The majority of present day integrated circuits (ICs) are implemented by using a plurality of interconnected field effect transistors (FETs), also called metal oxide semiconductor field effect transistors (MOSFETs), or simply MOS transistors. A MOS transistor includes a gate electrode as a control electrode, and a pair of spaced apart source and drain electrodes. A control voltage applied to the gate electrode controls the flow of a current through a channel between the source and drain electrodes.
The complexity of ICs and the number of devices incorporated in ICs are continually increasing. As the number of devices in an IC increases, the size of individual devices decreases. Device size in an IC is usually noted by the minimum feature size; that is, the minimum line width or the minimum spacing that is allowed by the circuit design rules. As the semiconductor industry moves to a minimum feature size of 45 nanometers (nm) and even smaller, the gain of performance due to scaling becomes limited. As new generations of integrated circuits and the MOS transistors that are used to implement those ICs are designed, technologists must rely heavily on non-conventional elements to boost device performance.

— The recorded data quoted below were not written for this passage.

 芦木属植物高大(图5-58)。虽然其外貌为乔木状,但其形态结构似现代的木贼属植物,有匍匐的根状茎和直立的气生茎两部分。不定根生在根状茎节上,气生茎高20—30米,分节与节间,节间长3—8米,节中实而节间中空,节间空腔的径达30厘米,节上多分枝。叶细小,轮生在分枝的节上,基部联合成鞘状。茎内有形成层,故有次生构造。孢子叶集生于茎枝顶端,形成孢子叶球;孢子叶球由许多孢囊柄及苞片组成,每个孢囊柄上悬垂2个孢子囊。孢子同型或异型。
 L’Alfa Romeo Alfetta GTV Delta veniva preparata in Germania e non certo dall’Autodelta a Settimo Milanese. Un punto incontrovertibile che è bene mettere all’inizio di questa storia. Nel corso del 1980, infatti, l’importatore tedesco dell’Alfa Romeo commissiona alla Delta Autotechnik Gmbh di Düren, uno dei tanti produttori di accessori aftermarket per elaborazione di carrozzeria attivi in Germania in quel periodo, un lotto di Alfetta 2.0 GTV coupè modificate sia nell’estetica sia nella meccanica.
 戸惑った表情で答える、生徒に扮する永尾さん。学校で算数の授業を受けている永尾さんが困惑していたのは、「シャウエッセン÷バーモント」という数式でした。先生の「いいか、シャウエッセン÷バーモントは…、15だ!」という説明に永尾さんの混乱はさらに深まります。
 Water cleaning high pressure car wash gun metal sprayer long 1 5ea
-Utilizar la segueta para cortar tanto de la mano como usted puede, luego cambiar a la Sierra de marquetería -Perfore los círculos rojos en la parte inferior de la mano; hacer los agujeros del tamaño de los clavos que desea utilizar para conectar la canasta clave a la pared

The performance of a MOS transistor, as measured by its current carrying capability, is proportional to the mobility of a majority carrier in the transistor's channel. By applying an appropriate uniaxial stress to the channel of the MOS transistor, the mobility of the majority carrier in the channel can be increased which increases drive current thereby improving performance of the MOS transistor. For example, applying a compressive uniaxial stress to the channel of a P-channel MOS (PMOS) transistor enhances the mobility of majority carrier holes, whereas applying a tensile uniaxial stress to the channel of an N-channel MOS (NMOS) transistor enhances the mobility of majority carrier electrons. The known stress engineering methods greatly enhance circuit performance by increasing device drive current without increasing device size and device capacitance.
Stress applied along the channel of the MOS transistor can be increased by providing a stress liner layer over the transistor which imparts stress along the channel. For a given spacing or “repeat distance” between adjacent transistors, the amount of stress applied to the channel is roughly proportional to the thickness of the stress liner layer up to a certain limit, at which point the amount of stress remains substantially the same regardless of further increases in thickness of the stress liner layer. In other words, the amount of stress applied to the channel saturates after a certain thickness.

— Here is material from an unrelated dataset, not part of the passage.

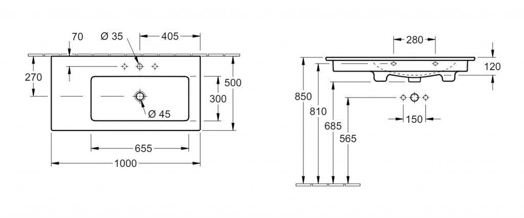 Nábytkové umyvadlo s odkládací plochou vlevo

Ideally, the stress liner layer is deposited so that it conforms to the surface of the gate electrodes and surfaces between adjacent gate electrodes such that the stress liner layer includes canyon-like regions between adjacent gate electrodes. However, when the thickness of the stress liner layer is greater than a certain thickness, a phenomenon known as “bridging” can occur where the canyon-like regions “close” and are also filled by the stress liner material. In other words, when bridging occurs, the stress liner material bridges a gap between adjacent gate electrodes. Increasing the thickness of the stress liner layer beyond a thickness where bridging begins to occur is of little value, if any, since the amount of stress tends to saturate beyond this thickness. In other words, as the thickness of the stress liner layer increases to the point where bridging starts and the canyon-like regions between adjacent gate electrodes begin to close, increases in device performance due to the stress liner layer tend to saturate, and therefore, there is no reason to increase the thickness of the stress liner layer beyond a certain thickness. Bridging becomes particularly problematic as the “gate pitch” or repeat distance between gate electrodes of adjacent MOS transistors decreases, which is desirable when attempting to decrease layout area. To help avoid bridging of the stress liner layer, one approach is to simply reduce the thickness of the stress liner layer.

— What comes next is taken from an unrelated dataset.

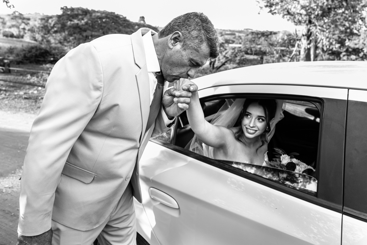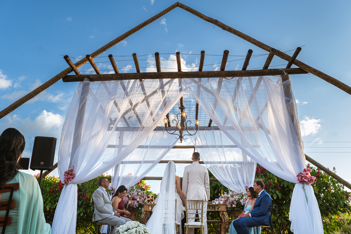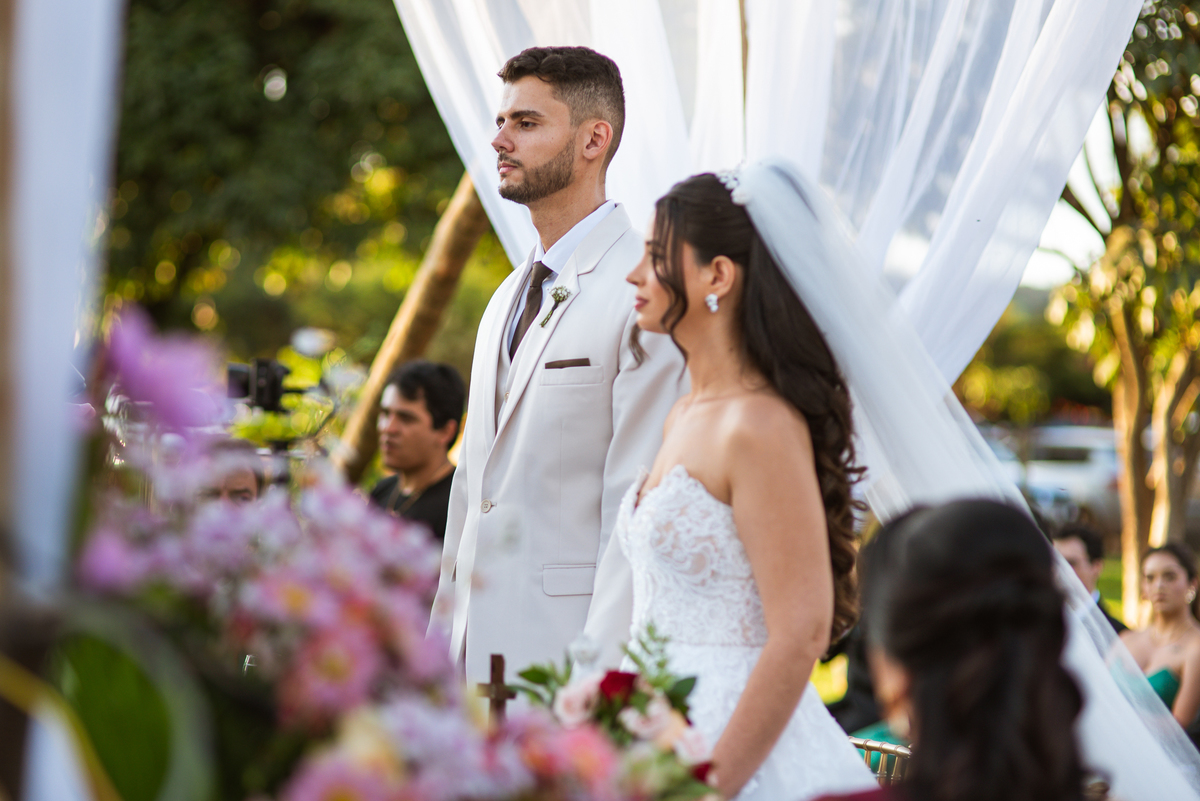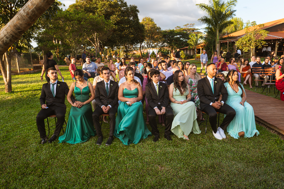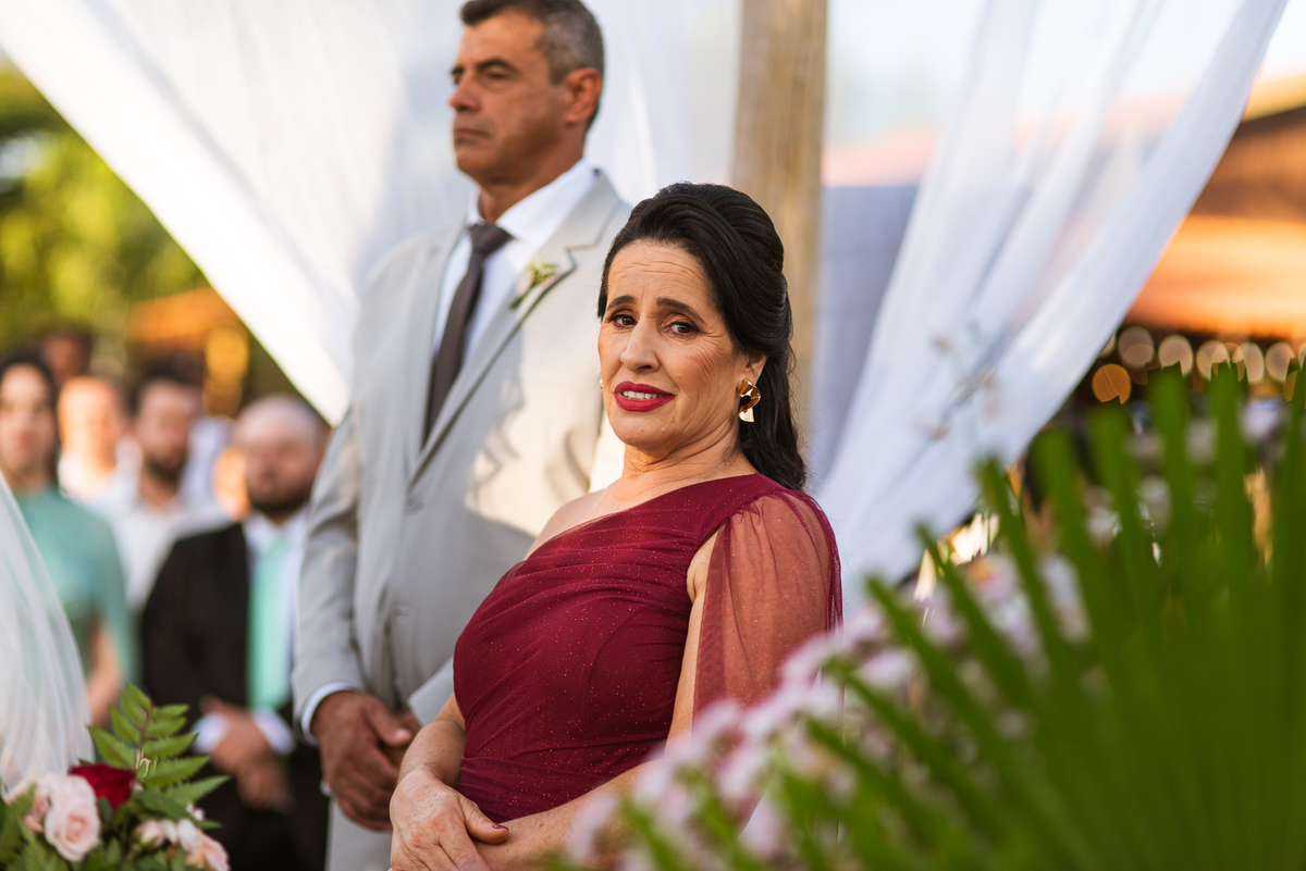 Os padrinhos todos já estavam alinhados e prontos para que a cerimônia começasse. Os músicos do Som do Coração já estavam entoando suas lindíssimas canções e embalavam o andamento da organização. O celebrante já se posicionou em frente ao altar e aguardou que tudo ficasse pronto para iniciar. Fizemos as fotografias da noiva no carro, com toda a calma do mundo. Ela estava lindíssima, com seu buquê nas mãos e o sorriso característico dela no rosto. Deixamos ela por lá e fomos para o altar aguardar o início. O cerimonial deu inicio à celebração. Os músicos começaram a tocar as músicas escolhidas pela noiva e os padrinhos começaram a entrar, casal por casal. Foi um verdadeiro desfile de beleza.

Some integrated circuits include both narrow gate pitch transistors and wide gate pitch transistors. Narrow gate pitch transistors have a gate pitch which is less than that of the wide gate pitch transistors. Wide gate pitch transistors are generally provided in such a semiconductor device to provide transistors with improved performance in comparison to narrow gate pitch transistors. Wide gate pitch transistors have more stress line material between adjacent gate electrodes and this allows for a higher level of stress to be applied along the channels of these wide pitch transistors. With respect to wide gate pitch transistors, the thickness of the stress liner layer that can be deposited before bridging occurs is substantially greater since the spacing between adjacent gate electrodes is greater for wide gate pitch transistors. Therefore more stress liner material can be applied over the wide gate pitch transistors before the gap between adjacent gate electrodes is bridged by the stress liner layer. This helps to increase stress applied to the channel of the wide gate pitch transistors. However, when the narrow gate pitch transistors are also present, the thickness of the stress liner layer can not be increased too much since it would cause bridging with respect to the narrow gate pitch transistors.
Accordingly, it is desirable to provide improved methods for fabricating a stress enhanced semiconductor device which includes both narrow gate pitch transistors and wide gate pitch transistors. Furthermore, other desirable features and characteristics of the present invention will become apparent from the subsequent detailed description and the appended claims, taken in conjunction with the accompanying drawings and the foregoing technical field and background.